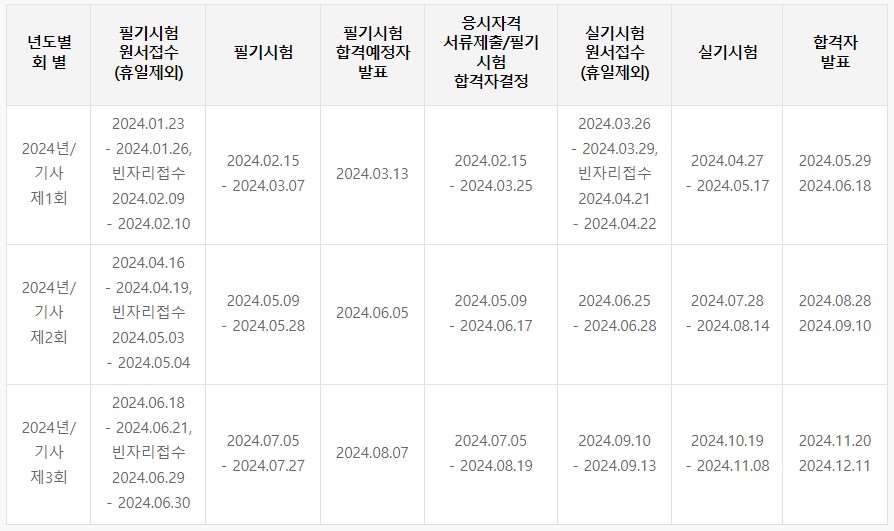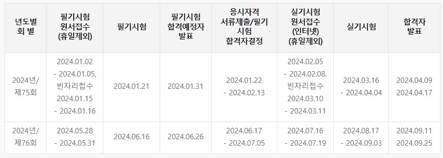 국가 기술자격(정기) 시험일정
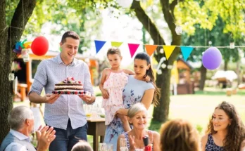 Family celebration outside in the backyard. Big garden party. Birthday party. A young man holding a birthday cake. There are mornings that begin like any other and end by changing …
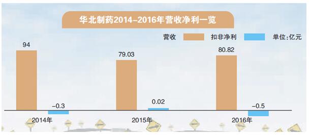 華北制藥近幾年業(yè)績情況一直不太樂觀,北京商報記者翻閱公司財報發(fā)現,2014-2015年,華北制藥營收均呈下降趨勢,較上年分別同比下降24.42%、15.87%,實現扣非凈利分別為-3054萬元、240萬元;2016年,公司營收有2.28%的增幅,扣非凈利為-5123萬元。
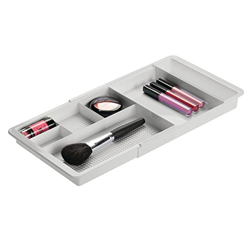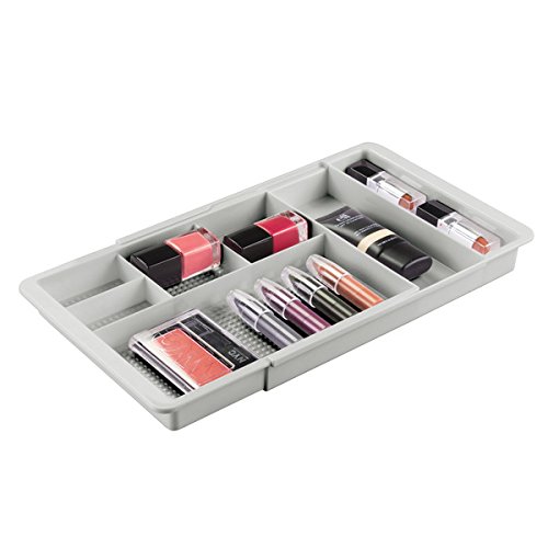 mDesign Expandable Bathroom Drawer Organizer for Vanity Cabinet to Hold Makeup, Beauty Products - Light Gray
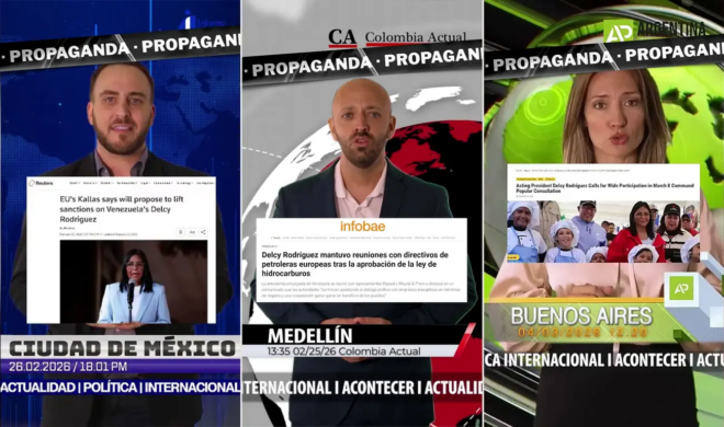 Una red de canales en YouTube que simulan medios internacionales difundió más de 50 videos pagos con contenido favorable a la dictadora venezolana Delcy Rodríguez; los videos fueron realizados en Buenos Aires con actores y locutores y una de las empresas está vinculada con el exgobernador de Chubut, el kirchnerista Martín Buzzi
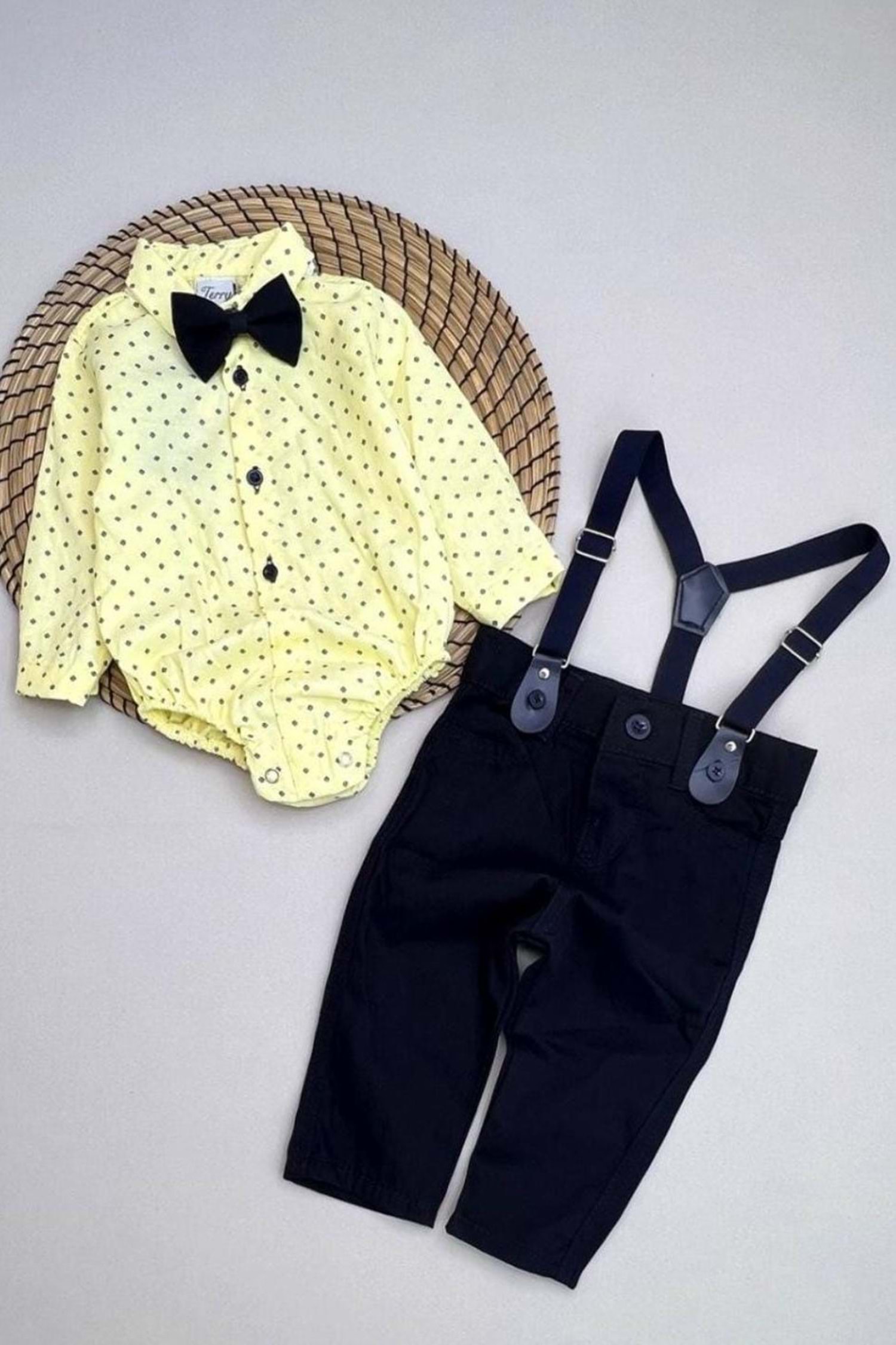 Gömlekli Alttan Çıtçıtlı Gabardin Pantolonlu Pamuklu Bebek Takım
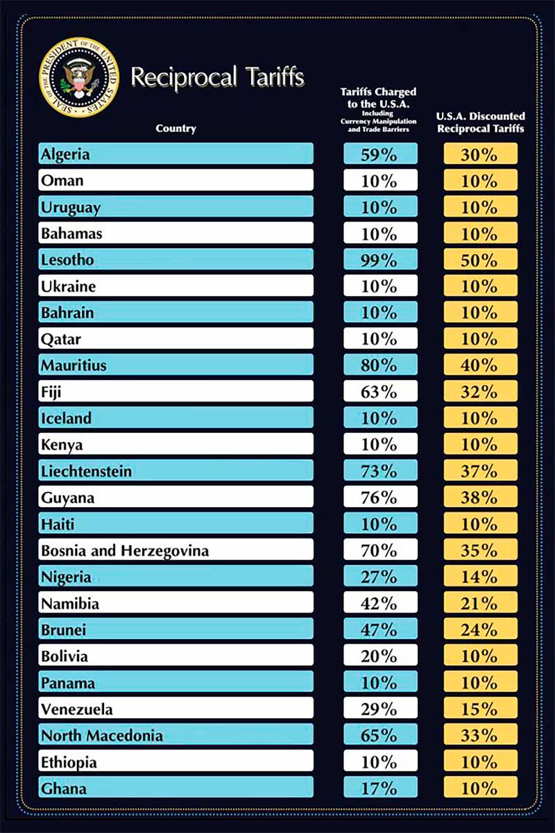 Trump ordenó, sin embargo, que ciertas naciones solo sean alcanzadas por la cifra mínima del 10 por ciento, por lo que la ecuación acaba en igualdad de condiciones para todas las partes.
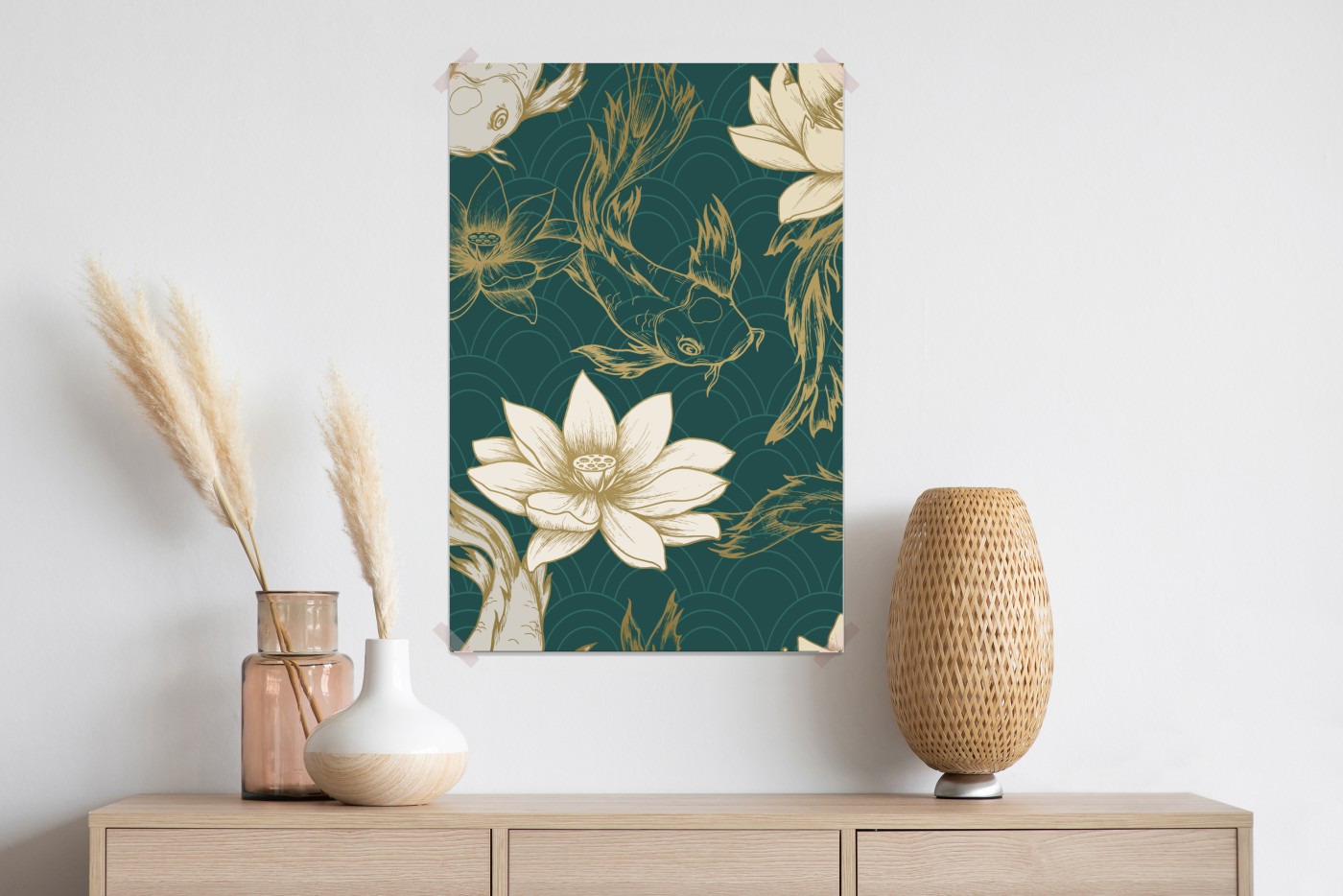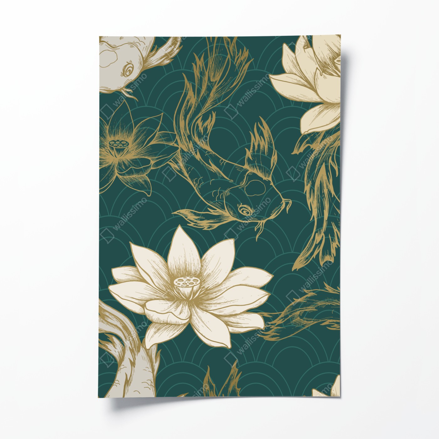 Poster Orientalisches koi- und lotosmuster in türkis und gold
◆ ◆ ◆ ◆ ◆ ◆ ◆
* [Task description]: Since the pictures don't belong in the copy, copy only the rest of the entries above exactly.

* [Completed exercise]:
 국가 기술자격(정기) 시험일정
 Family celebration outside in the backyard. Big garden party. Birthday party. A young man holding a birthday cake. There are mornings that begin like any other and end by changing …
 華北制藥近幾年業(yè)績情況一直不太樂觀,北京商報記者翻閱公司財報發(fā)現,2014-2015年,華北制藥營收均呈下降趨勢,較上年分別同比下降24.42%、15.87%,實現扣非凈利分別為-3054萬元、240萬元;2016年,公司營收有2.28%的增幅,扣非凈利為-5123萬元。
 mDesign Expandable Bathroom Drawer Organizer for Vanity Cabinet to Hold Makeup, Beauty Products - Light Gray
 Una red de canales en YouTube que simulan medios internacionales difundió más de 50 videos pagos con contenido favorable a la dictadora venezolana Delcy Rodríguez; los videos fueron realizados en Buenos Aires con actores y locutores y una de las empresas está vinculada con el exgobernador de Chubut, el kirchnerista Martín Buzzi
 Gömlekli Alttan Çıtçıtlı Gabardin Pantolonlu Pamuklu Bebek Takım
 Trump ordenó, sin embargo, que ciertas naciones solo sean alcanzadas por la cifra mínima del 10 por ciento, por lo que la ecuación acaba en igualdad de condiciones para todas las partes.
 Poster Orientalisches koi- und lotosmuster in türkis und gold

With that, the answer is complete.